# WHAT YOU WILL DO
Your response should consist of the entire listing, transcribed exactly, with every image left out.

# THE DATA
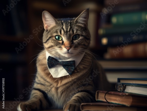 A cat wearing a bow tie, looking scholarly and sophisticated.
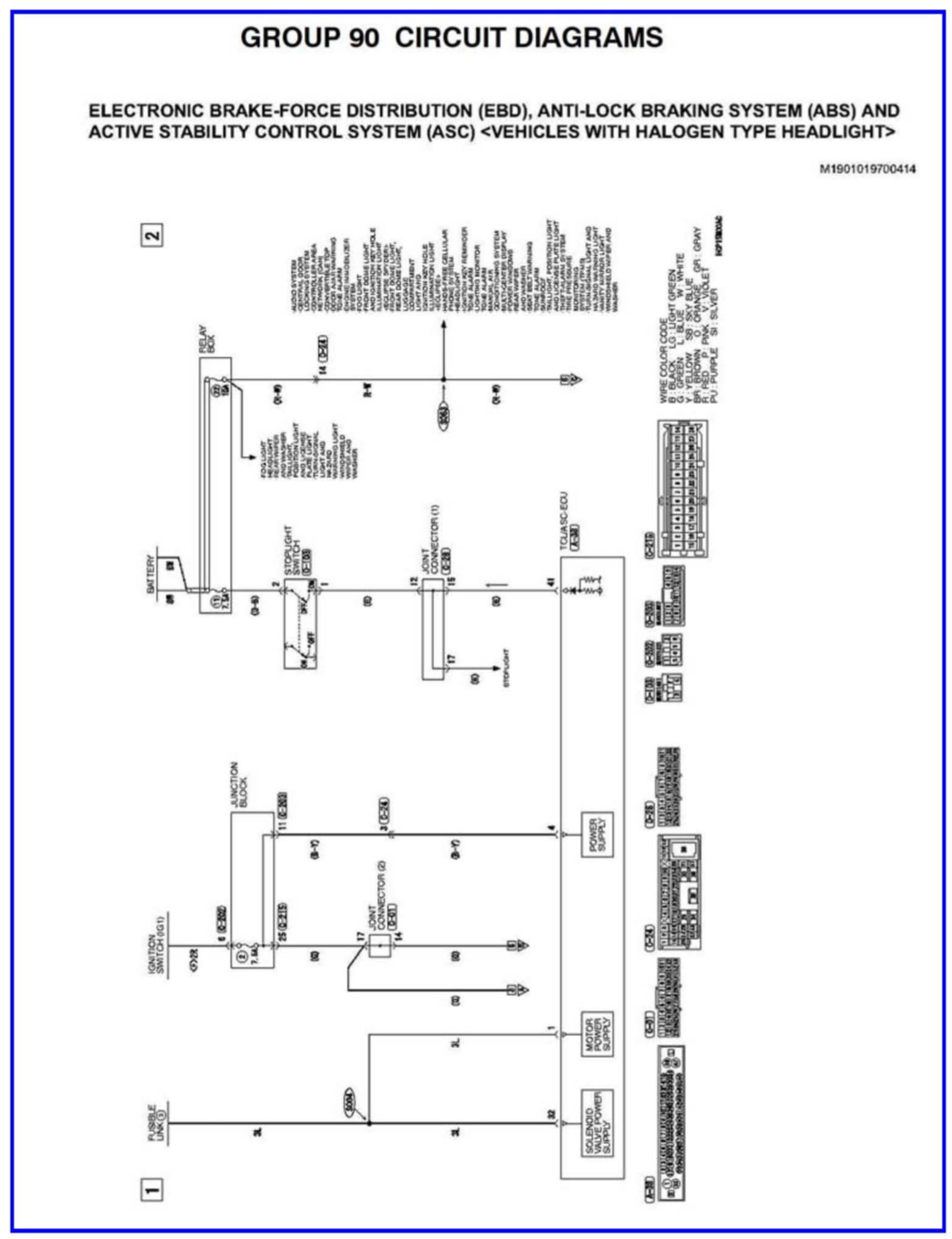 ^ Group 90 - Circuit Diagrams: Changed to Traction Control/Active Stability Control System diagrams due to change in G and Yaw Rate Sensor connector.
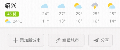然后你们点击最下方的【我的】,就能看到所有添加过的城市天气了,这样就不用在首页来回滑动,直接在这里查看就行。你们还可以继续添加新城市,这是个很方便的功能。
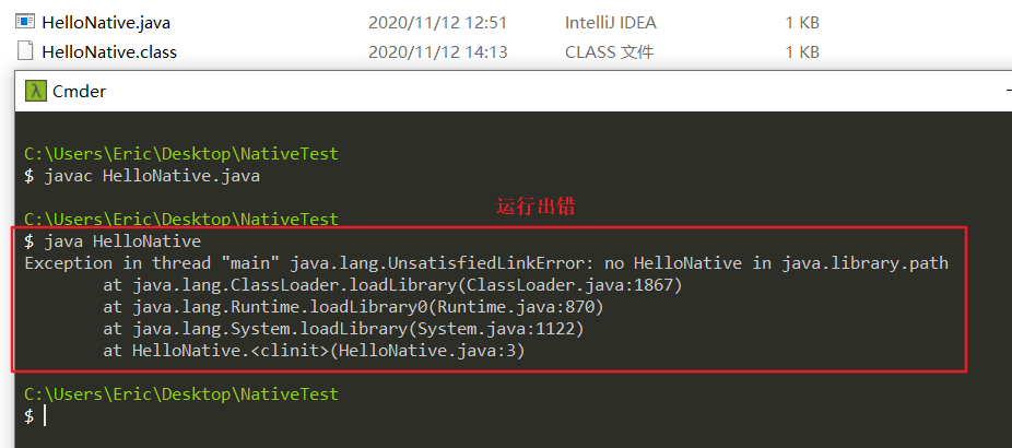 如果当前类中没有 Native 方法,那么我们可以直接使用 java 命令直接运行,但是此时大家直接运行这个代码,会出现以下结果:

# RESULT OF THE EXERCISE
 A cat wearing a bow tie, looking scholarly and sophisticated.
 ^ Group 90 - Circuit Diagrams: Changed to Traction Control/Active Stability Control System diagrams due to change in G and Yaw Rate Sensor connector.
然后你们点击最下方的【我的】,就能看到所有添加过的城市天气了,这样就不用在首页来回滑动,直接在这里查看就行。你们还可以继续添加新城市,这是个很方便的功能。
 如果当前类中没有 Native 方法,那么我们可以直接使用 java 命令直接运行,但是此时大家直接运行这个代码,会出现以下结果:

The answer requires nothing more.